───── SUPPLIED DATA

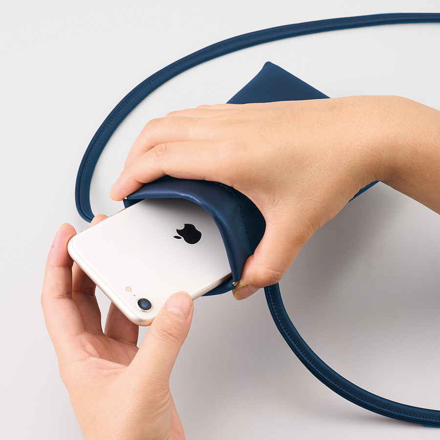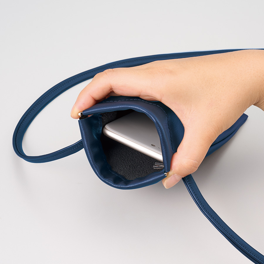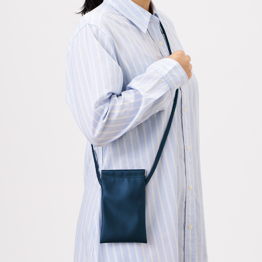 ショルダー紐は肩から掛けて使いやすい長さで、スマホがぴったりと収まる使い勝手の良いサイズ感なのでスマホケースや貴重品を入れて持ち歩くのに便利です。
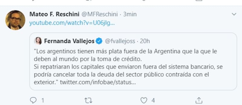 Aquellos que opinaron sobre la publicación entendieron que la diputada hizo una propuesta concreta. Sin embargo, en realidad estaba citando los primeros párrafos de una nota publicada en el portal Infobae sobre que "la salida de capitales alcanzó un récord de USD 322.000 millones y superó a la deuda pública" y se trataba de una comparación que hace el periodista Juan Gasalla al inicio de su nota.
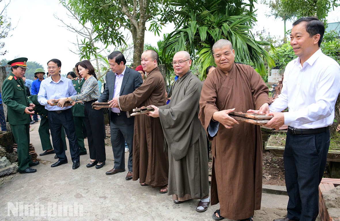 | Lãnh đạo Ủy ban MTTQ Việt Nam xã Phát Diệm cùng các chức sắc tôn giáo tham gia hỗ trợ người dân xây Nhà "Đại Đoàn kết". |

──────────

EXERCISE DIRECTIONS: All the material above must be copied exactly, and no picture belongs in the copy.

EXERCISE RESPONSE:
 ショルダー紐は肩から掛けて使いやすい長さで、スマホがぴったりと収まる使い勝手の良いサイズ感なのでスマホケースや貴重品を入れて持ち歩くのに便利です。
 Aquellos que opinaron sobre la publicación entendieron que la diputada hizo una propuesta concreta. Sin embargo, en realidad estaba citando los primeros párrafos de una nota publicada en el portal Infobae sobre que "la salida de capitales alcanzó un récord de USD 322.000 millones y superó a la deuda pública" y se trataba de una comparación que hace el periodista Juan Gasalla al inicio de su nota.
 | Lãnh đạo Ủy ban MTTQ Việt Nam xã Phát Diệm cùng các chức sắc tôn giáo tham gia hỗ trợ người dân xây Nhà "Đại Đoàn kết". |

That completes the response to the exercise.